Costly leaf shelters protect moth pupae from parasitoids

  • E. F. LoPrestiEmail author
  • D. H. Morse
Original Paper


Many caterpillars construct shelters by folding leaves and feeding from within. Many shelter-constructing species suffer high rates of parasitism as larvae or pupae. In spite of the likely significance, the effects of these shelters on the survival of pupae and the trade-off between feeding and constructing shelters have attracted little experimental attention.

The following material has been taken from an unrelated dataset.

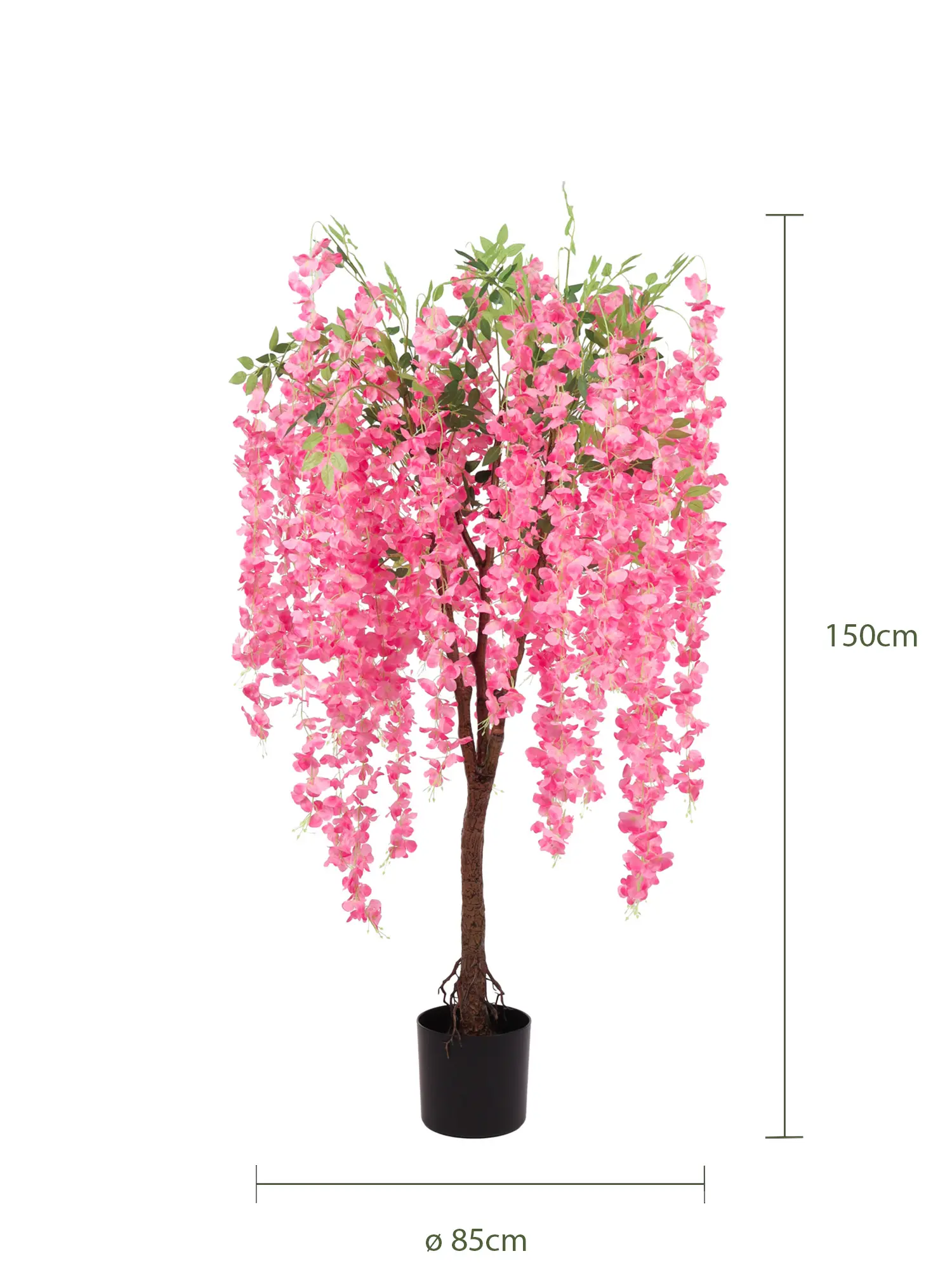 Deze Roze Kunstwisteria Florance 150cm is een prachtige opvallende kunstbloemboom.

In both field and laboratory experiments, fern-feeding caterpillars [Herpetogramma theseusalis (Walker) (Lepidoptera: Crambidae)] invested heavily in shelters, losing weight and significantly delaying pupation rather than feeding or pupating in exposed locations. Experimentally thinning the walls of shelters in the field doubled the parasitism rate. Parasitism of pupae exceeded predation by an order of magnitude or more in both seasons of this study. Caterpillars constructed similarly sized shelters regardless of availability of fern fronds, resulting in incomplete shelters on especially small fronds, putting pupae at increased risk of parasitism. We suggest that similar interactions are common and merit more attention.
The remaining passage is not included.